As per WHO research, the African region might feel the consequences of the global malaria burden . Since it would provide more accuracy, improve consistency, and be cost effective in rural regions, an automated malaria diagnosis system would make a big difference in eliminating the shortage of this insufficiency [10, 11]. Thus, according to medical specialists from the World Health Organization, several malaria parasite groups may cause malaria infection in humans . These include “Plasmodium Falciparum, Plasmodium Vivax, Plasmodium Malaria, Plasmodium Ovalle, and Plasmodium-knowlesi.” Out of these, the most common two classes are “ Plasmodium Falciparum and Plasmodium Viva.”

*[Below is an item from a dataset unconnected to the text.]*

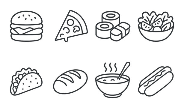 Monochrome icons of popular fast foods including burger, pizza, sushi, salad, and more

Figure 1 illustrates how malarial cells progress through their various stages: an examination of the first slide shows trophozoites and gametocytes of P. falciparum along with white blood cells as mentioned in Figure 2. A comparison is now made between the enlarged nucleus and the rest of the red blood cells. The second image proves how Plasmodium Falciparum is erected with Plasmodium Schizonts. There is a need for researchers to investigate innovations relating to malaria diagnosis to automate the process for society. This field has seen an increase in good research articles over several decades. Besides research articles, automatic malaria diagnosis has occurred with a variety of software tools and hardware tools.
2. Related Work
Makhija et al. implemented a V-value histogram method. It has achieved 60% sensitivity . Rajaraman et al. designed the contrast enhancement and threshold-based segmentation approach. A qualitative analysis of two hundred patients' images was achieved using this method . Suriya et al. worked on the color information-based pattern segmentation by considering 75 patients' image samples and achieved around 90% of detection . Liang et al., according to their study, could detect 90% of the speckle noise images using a median filter based on histogram and morphological operations . Vijayalakshmi et al. worked on microscopic images by applying transfer learning on VGG 16 and SVM classifier and claiming the result of 91% of classification accuracy .

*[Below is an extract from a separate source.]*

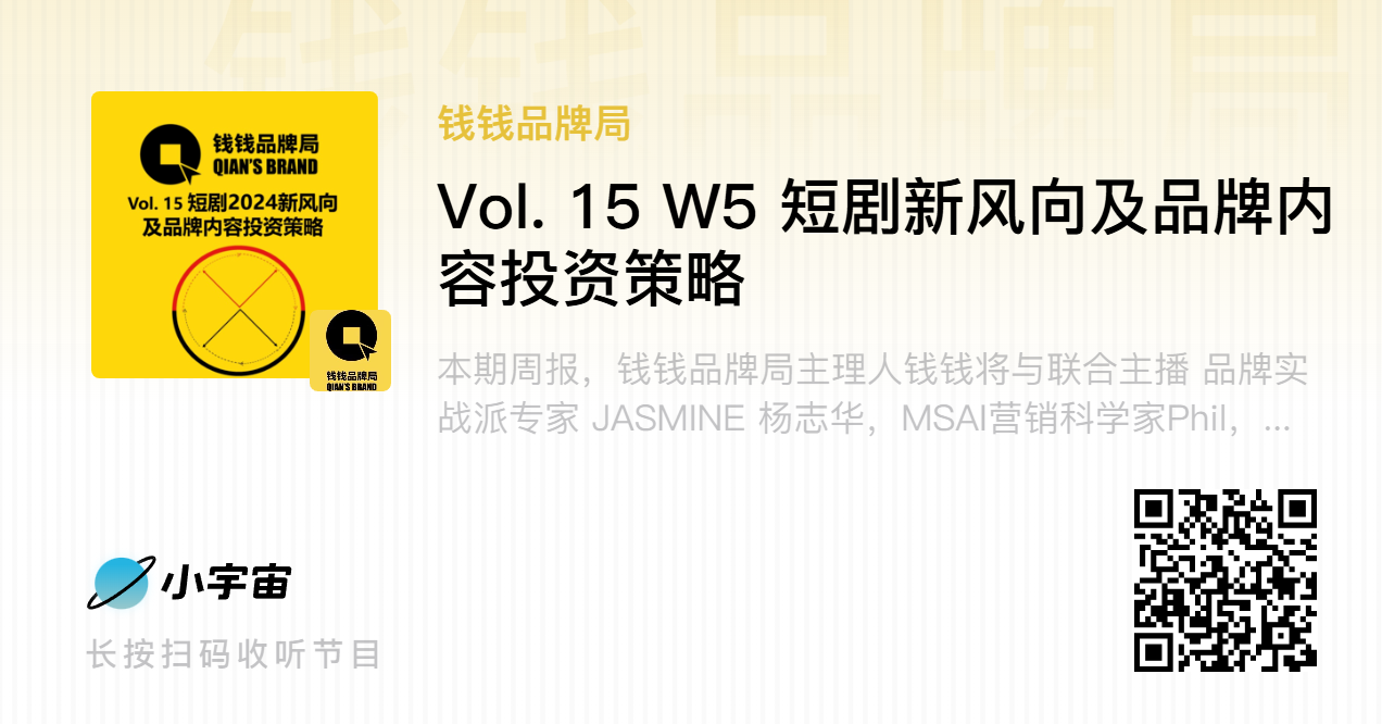 本期【钱钱品牌局】品牌热点风向标周报聚焦短剧营销新风向核心主题,主理人钱钱携手联合主播、品牌实战派专家JASMINE 杨志华,MSAI营销科学家Phil,M360 - MSAI 智库副总吴康军及分析师向向,共同探讨短剧市场的发展机遇与趋势,拆解品牌在短剧领域的内容投资策略,助力品牌抓住短剧风口,实现营销突围。

Hommelsheim et al. implemented the DNA/RNA-binding domains with nucleotide sequence accuracy and redesigned transcription-activator-like signaling pathways to alter genomes with improved binding specificity . Hawkes et al. worked on an analysis of rapid diagnostic tests and made the awareness of utilizing the RDT for equality and ease of use for cost effectiveness . Ross et al. implemented a method for automating the diagnosis of malaria from thin blood smears that has been developed. Identification of infected erythrocytes is achieved with 75% sensitivity and an 85% positive predictive value (PPV) . Das et al. worked on parasite characterization and classification using ML on light microscopic images of peripheral blood smears and achieved 89% classification using an SVM classifier .

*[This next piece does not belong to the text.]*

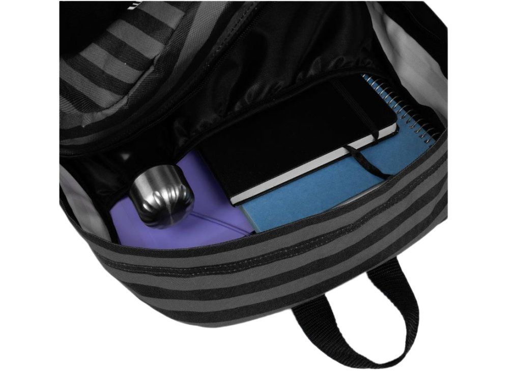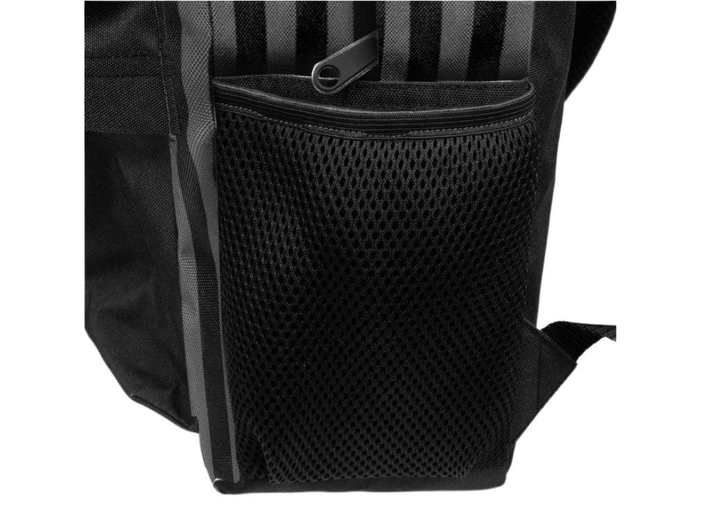 Stylový černý batoh s pruhovaným designem inspirovaný světem Wednesday zaujme na první pohled výrazným motivem akademie Nevermore Academy. Temný a elegantní vzhled perfektně podtrhuje charakter celého designu, který ocení každý fanoušek tohoto populárního seriálu. Batoh nabízí jeden prostorný hlavní oddíl doplněný o praktickou přední kapsu na zip pro uložení drobností. Nechybí ani boční síťovaná kapsa vhodná například na láhev, či deštník. Pro maximální pohodlí při nošení jsou záda polstrovaná a ramenní popruhy délkově nastavitelné. Praktické horní madlo umožňuje snadné přenášení v ruce. Ideální do školy, na volný čas i každodenní nošení.

Postiche et al. discussed the development of image analysis and machine learning for the diagnosis of malaria microscopically as well as the emergence of smartphone technology for future diagnosis . LeCun et al. worked to find complex structures in large datasets, and the backpropagation algorithm was implemented to propose that a machine could constantly update its internal parameters based on its representation in the prior phases. . Dahou Yang et al. compared the detection of antimalarial efficacy of an image-based cytometer with a commercial flow cytometer and the results of these two tests .
Yunda et al. determined that by applying principal component analysis to samples of thick film blood, they could reduce the number of features. . Kaewkamnerd et al. to detect the sensitivity of plasmodia on thick blood films, created a two-stage algorithm . Hanif et al. developed an elongating technique for the enhancement and segmentation of heavy blood smear images of Plasmodium falciparum. They reduced the amount of noise and blurring while increasing the contrast range to make the images more visible . The existing models suffer from various issues such as overfitting [13, 18, 19], vanishing gradient [20–22], and poor convergence speed [23–25] kinds of problems.
3. Overview of Convolution Neural Network (CNN)
Convolution layers comprise the CNN (convolutional neural network). Pixel-by-pixel weights and biases are learned. The synapse cell accepts a variety of inputs before combining the weights, either from the input in each layer or from the weights and biases passing through the activation node. This level comprises the input pixels and weights that are shared by the layer's neurons [26–28]. Furthermore, the inputs to standard neural networks are vectors of a single dimension, but in CNN, they are represented as multichannel images. It uses the framework of this algorithm to optimize such algorithms as random gradient, Adam, AdaGrad, etc. as well as to perform tasks such as object detection, image classification, and localization as mentioned in Figure 3.
3.1. Pooling Layers
Filters are applied to the input images to generate feature maps that distinguish the inclusion of those features and they accomplish it by pooling layers. The constraint of this feature map is that it will show a feature's location precisely. The feature map has the dimensions , and the output obtained after the pooling layer is . There are three types of pooling layers such has, Max, Averaging, and Global Pooling. Feature pooling takes the maximum value from a region on the feature map. Average pooling takes the average of the elements present in the neighborhood. The Global pooling takes the value of the entire feature map and scales it down.
3.2. Frequently Used Activation Layer
Sigmoid: the mathematics of the sigmoid function involves the outcome of taking a single number and achieving convinced mathematical operations. (x) = 1/(1 + e−x). This takes the real input number and flattens the range between 0 and 1. Tanh: in the study, tanh is a nonlinearity that is preferred over the sigmoid functions. Even though it shows better results than the sigmoid functions, it is still not possible to solve gradient problems using the Tanh function. . ReLU: as said in the function, the activation is simply a threshold at zero. Tanh functions are mathematically portrayed as .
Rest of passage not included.